*Task directions*.
Leaving the pictures aside, return all of the data below exactly.

*Dataset content*.
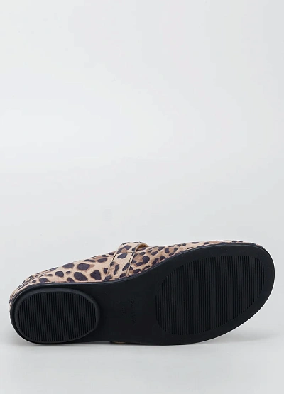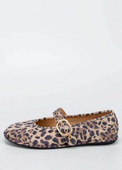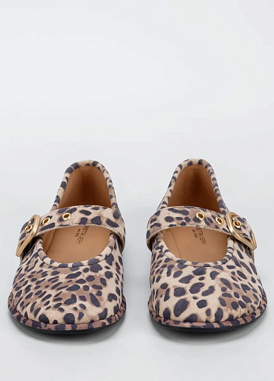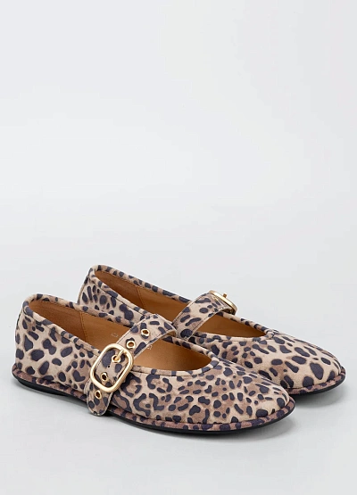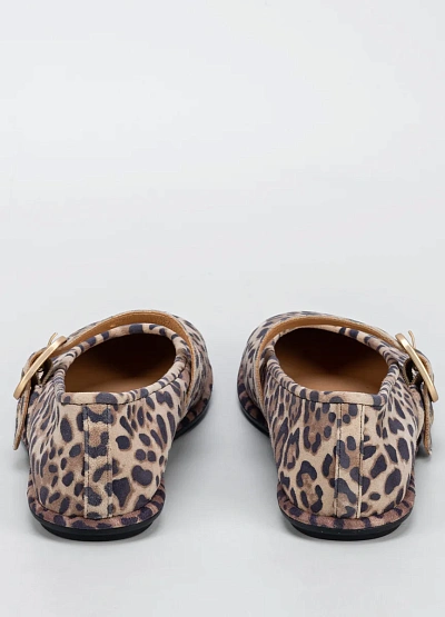 Женские балетки с ремешком выполнены в бежево-коричневой цветовой гамме с леопардовым принтом. Модель имеет округлый носок и украшена декоративной пряжкой на ремешке.
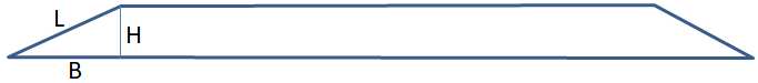 Let's suppose our trailer is 4 feet wide, this would make B=2 feet (or 24 inches) and we want to elevate the centre by 6 inches so H=6. Then we can use the formula
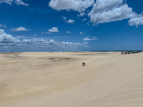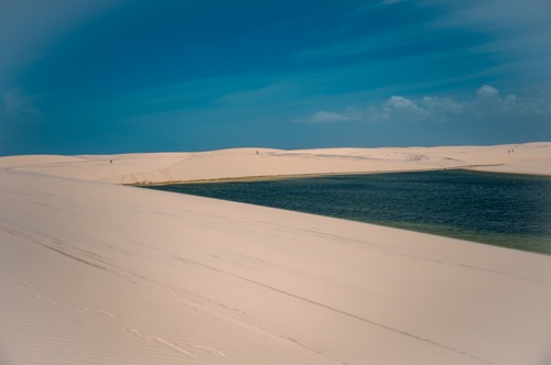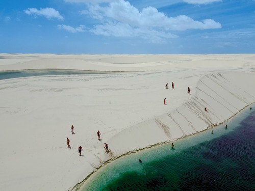 Dunes de sable blanc immaculé, lagunes d'eau turquoise et soleil éclatant, tel est le décor du désert blanc des Lençóis Maranhenses au Brésil ! Au creux des dunes dessinées par le vent, les pluies tropicales emprisonnées ont créé d’immenses lagunes d’eau douce, verte ou bleue. Des plantes indigènes, des zones désertiques, des lagons cristallins, des réserves naturelles d'oiseaux et des mangroves constituent ce désert brésilien hors du commun.

*Output*.
 Женские балетки с ремешком выполнены в бежево-коричневой цветовой гамме с леопардовым принтом. Модель имеет округлый носок и украшена декоративной пряжкой на ремешке.
 Let's suppose our trailer is 4 feet wide, this would make B=2 feet (or 24 inches) and we want to elevate the centre by 6 inches so H=6. Then we can use the formula
 Dunes de sable blanc immaculé, lagunes d'eau turquoise et soleil éclatant, tel est le décor du désert blanc des Lençóis Maranhenses au Brésil ! Au creux des dunes dessinées par le vent, les pluies tropicales emprisonnées ont créé d’immenses lagunes d’eau douce, verte ou bleue. Des plantes indigènes, des zones désertiques, des lagons cristallins, des réserves naturelles d'oiseaux et des mangroves constituent ce désert brésilien hors du commun.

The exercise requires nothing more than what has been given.